'Top of market' called by leading Dutch investor

The peak of the Dutch property market has been called by one of the leading investors in the Netherlands.

Bouwinvest, a €12.1 bn pension fund investor, says in its new market outlook report for the period 2020-2022 that it believes the Dutch market is at its peak – or fast approaching it – and that this high will last for three more years.

Fuelling the boom is a shortage of supply and sustained international capital flows into the country.

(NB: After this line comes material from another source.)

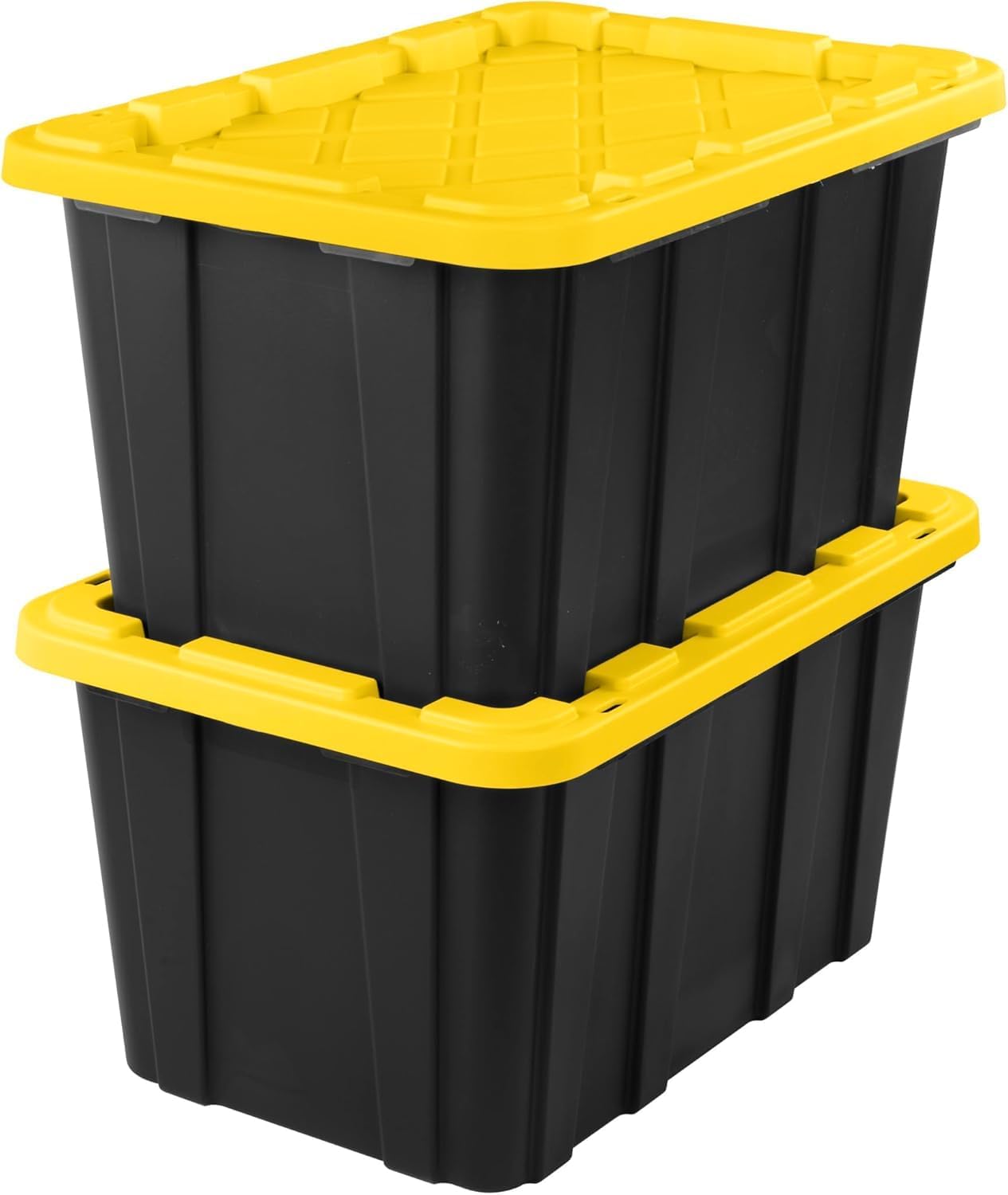 Meet our 6-Pack 27 Gallon Stackable Plastic Storage Bins with Lids—these industrial totes blend robust, heavy-duty construction (featuring channeled walls for added strength to resist crushing under typical loads) with practical design for home, garage, basement, closet, and office organization. Each container includes a reinforced snap-fit lid for secure closure (to protect stored items), while deep recessed lids enable stable stacking to better utilize your available storage space. Built with transport-ready details (grooved areas and keyhole designs in the lid for tie-down options) and comfort carrying handles for easy, convenient transport, these bins offer generous dimensions (28 1/2” L x 19 5/8” W x 15 1/2” H) to provide ample capacity for your needs. This Black & Yellow set works as versatile organizing containers—well-suited for active storage across multiple spaces in your home or workspace.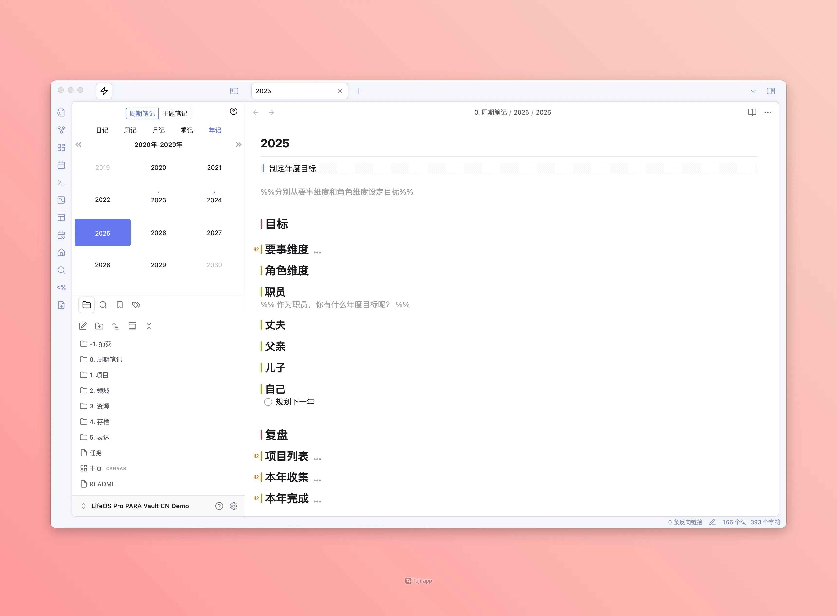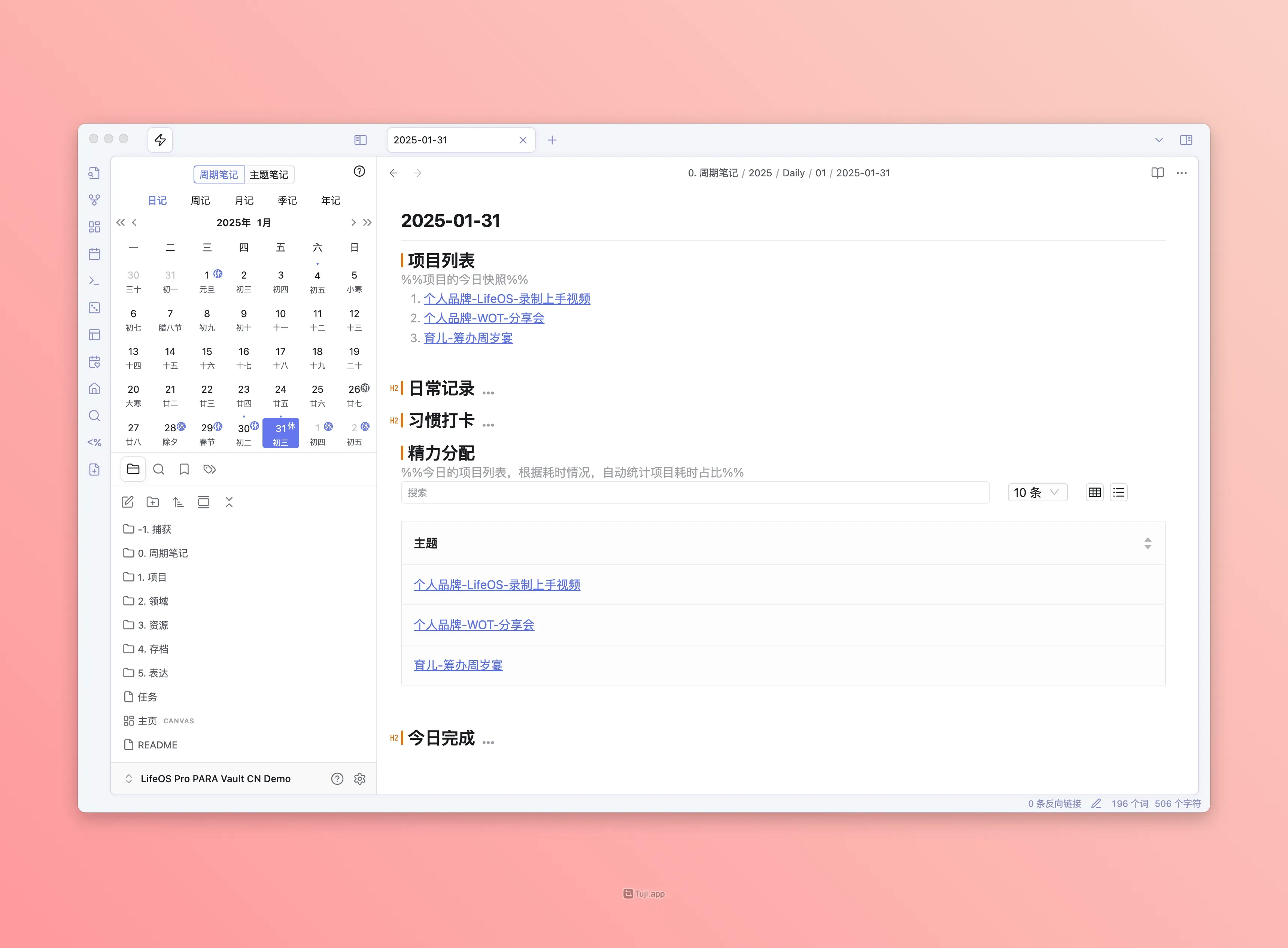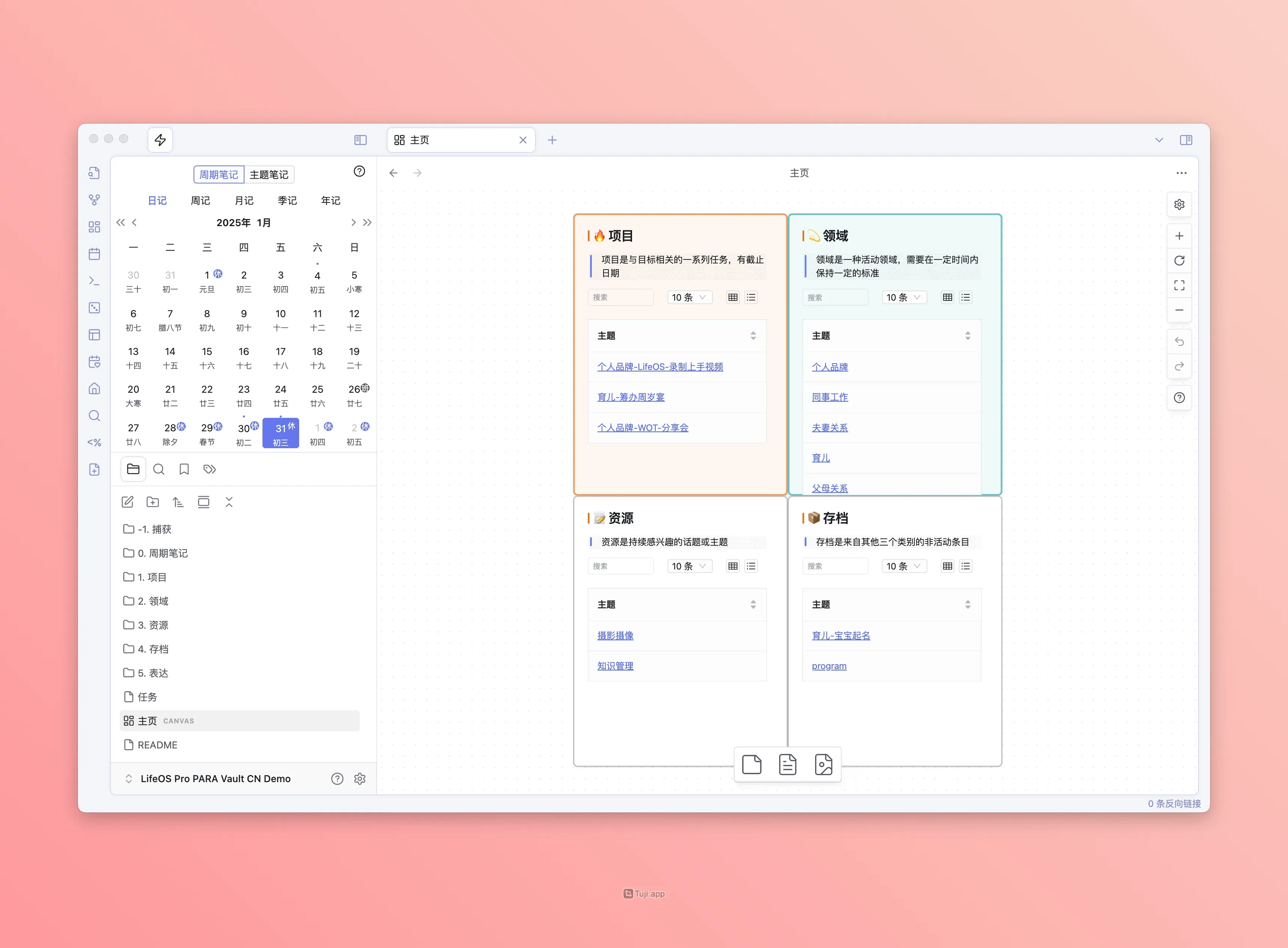 LifeOS 的核心采用两套系统,一个是主题笔记系统,另一个是周期笔记系统,前者一般采用 PARA 组织法,以『项目』、『领域』、『资源』为维度,进行知识管理,后者以时间为维度,通过记录『日记』、『周记』、『月记』、『季记』、『年记』,进行任务/目标/时间管理。

The office asset class has lost its crown to residential - around €6 bn of the firm's €12.1 bn portfolio is in housing - as the most popular destination for investor capital in the Netherlands. And the company predicts Dutch secondary cities will rise in prominence in response to market conditions, along with alternative segments such as healthcare, student housing and senior living.

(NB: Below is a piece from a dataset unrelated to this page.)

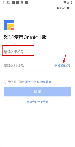 2、在手機登錄頁面填寫手機號,勾選協(xié)議后,點擊獲取驗證碼。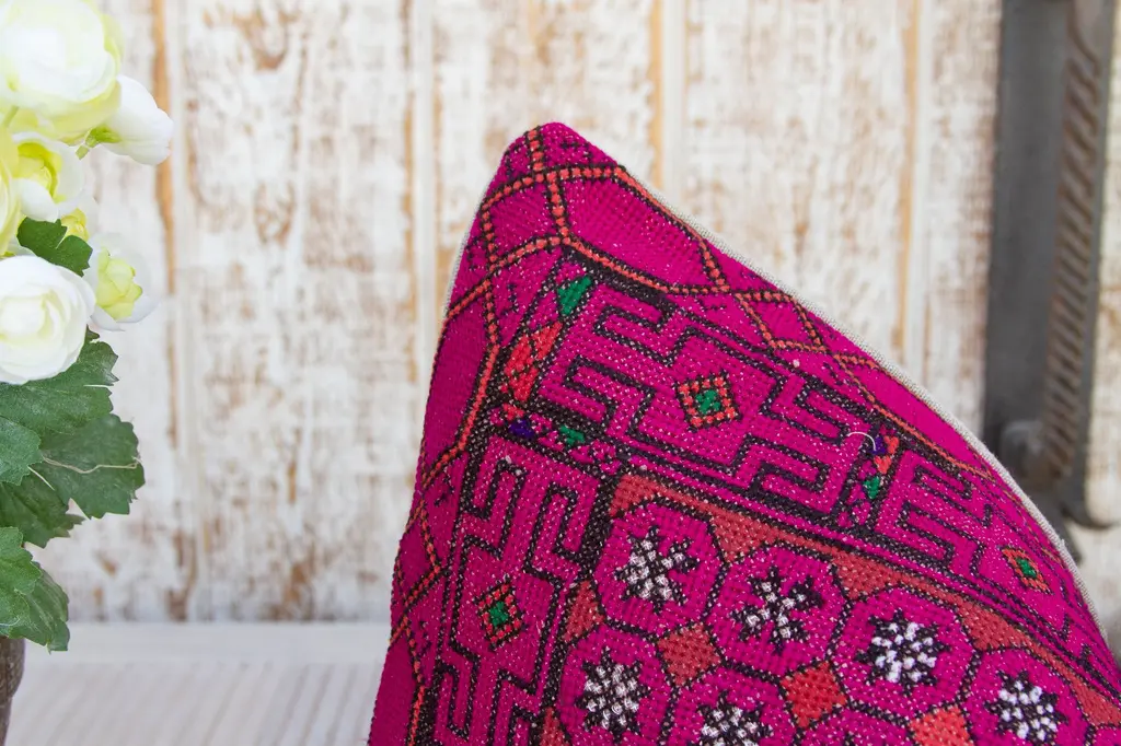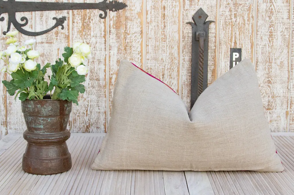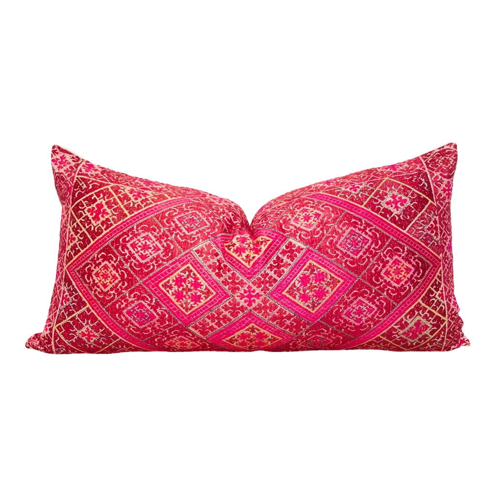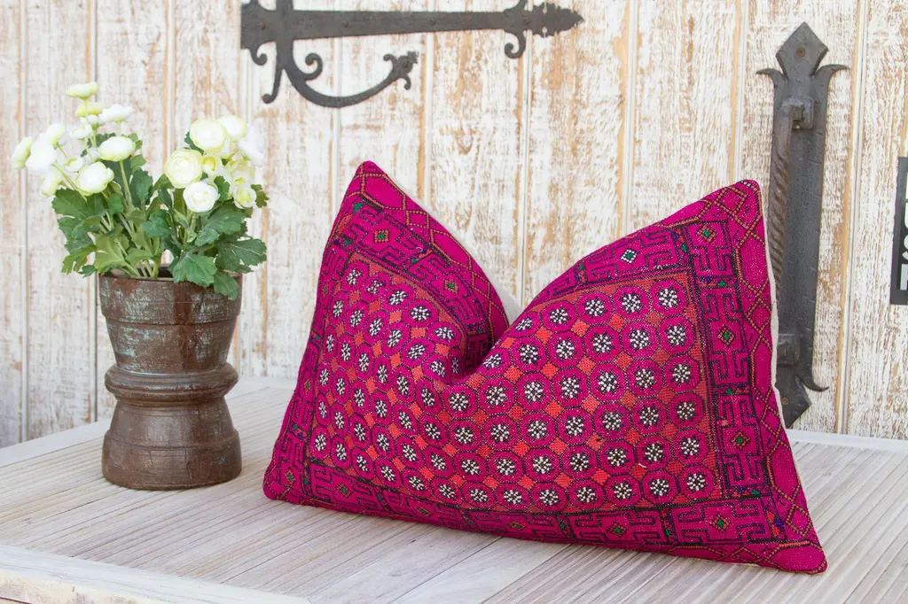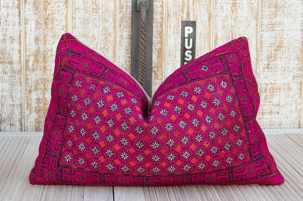 This gorgeous throw pillow is made from antique one-of-a-kind textiles like Bokhanos and Thalposh. Bokhanos are long narrow shoulder cloths that are given by to a groom from his future mother in law for his wedding day and a Thalposh is a dowry cloth, made by the bride’s family for her wedding. These rare textiles are found in the Thar desert, the traditional textiles from this region are done in heavy cotton with fine cross stitch silk embroidery in floral and geometric motifs.

Dick van Hal, CEO of Bouwinvest, said: ‘Initial yields and yield spreads are stabilising in this late stage of the cycle, and institutional investors, especially, are finding it increasingly difficult to generate the returns they need.

‘The long-term forecast for both residential and offices is that demand will remain stable and that is underpinning investment into these sectors. A select number of investors are, however, looking at higher-yielding alternative niche property segments such as healthcare, student housing and senior living, where there are attractive growth opportunities. As these niches mature, they are becoming more professionalised.

‘Our investment strategy for the Netherlands remains primarily focused on affordable housing in the Holland Metropole, or Randstad, area in the west of the country and we are actively looking for plots for new development or redevelopment opportunities.

‘For new residential product, we are also looking beyond the well-beaten investment paths in towns close to the large Dutch cities such as Zaanstad, Delft, Zoetermeer and Hoofddorp, where there is ample demand for housing and where it is possible to secure more attractive initial yields with new developments.’